In certain villages in northern Greenland something is completely out of whack—only girls are being born. These reports from villages near the U.S. Air Force base in Thule are now being explored by scientists. But studies conducted a few years ago now coming to light show that in other Arctic regions, the sex ratios of babies are also out of kilter.
In 2004 the Arctic Monitoring and Assessment Program found a correlation between exposure to PCBs (polychlorinated biphenyls) and shifts in the sex ratios of babies born to indigenous mothers living in the northern reaches of Russia. PCBs and other persistent organic chemicals such as pesticides travel from industrial countries up the food chain into the blubber of marine mammals. Lars Otto Reiersen is the executive secretary for the Arctic Monitoring and Assessment Program. His group conducted the study as part of ongoing research on pollution, diet and health in the region.

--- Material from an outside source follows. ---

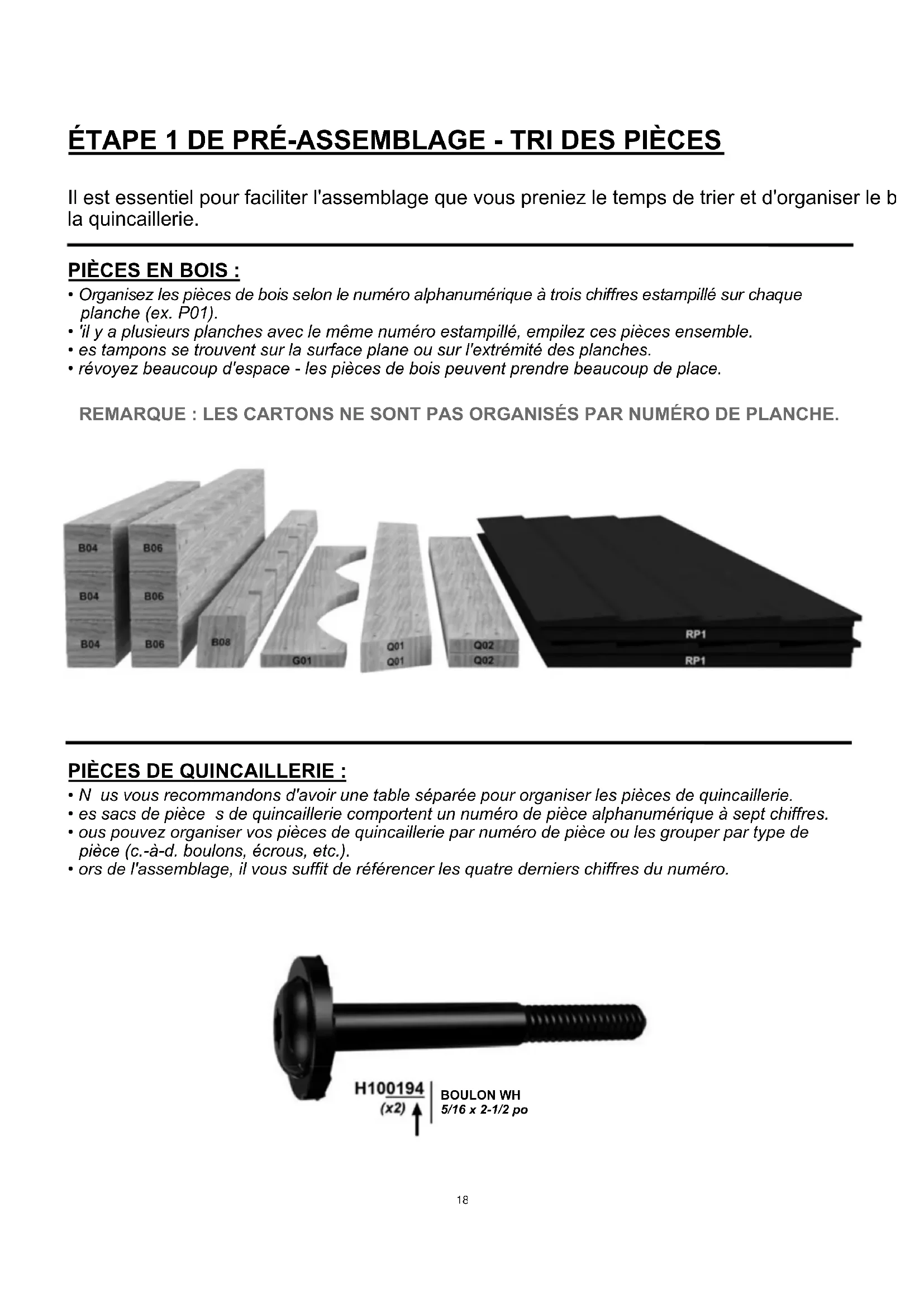 - ors de l'assemblage, il vous suffit de référencer les quatre derniers chiffres du numéro. BOULON WH 5/16 x 2-1/2 po ÉTAPE 1 DE PRÉ-ASSEMBLAGE - TRI DES PIÈCES 1818ÉTAPE 2 DE PRÉ-ASSEMBLAGE - OUTILS NÉCESSAIRES Accessoires de la perceuse : Tête cruciforme Clés ouvertes de 1/2 po et 9/16 po Mèches de 1/8 po, 3/16 po, 3/8 po et 7/16 po Clé à cliquet de 3/8 po, douilles standard de 1/2 po et 9/16 po, douilles profondes de 1/2 po et 7/16 po Tournevis cruciforme Perceuse sans fil ou perceuse électrique Marteau à panne fendue Maillet en caoutchouc - En option Niveau de 24 po Équerre Mètre à ruban 19Plusieurs types d'instructions de montage s'offrent à vous.

REIERSEN: "The most interesting and surprising result was that we saw a change in the sex ratio that we could correlate to the levels of PCB in the mother’s blood. And we saw that if the mother had more than four micrograms per liter in her blood the average was to change two girls per boy in the population that we studied. And that’s a quite dramatic change from a normal situation where there are more boys than girls born."
Reiersen says the normal average is 1.05 or 1.1 boy per girl; in population Artic population, it’s 2.0 girls per boy.
As to how PCBs affect gender in pregancies, Reiersen theorizes that some of the pesticides may mimic testosterone or estrogen, so when they get into the blood system of expectant mothers, they affect the gender of the babies.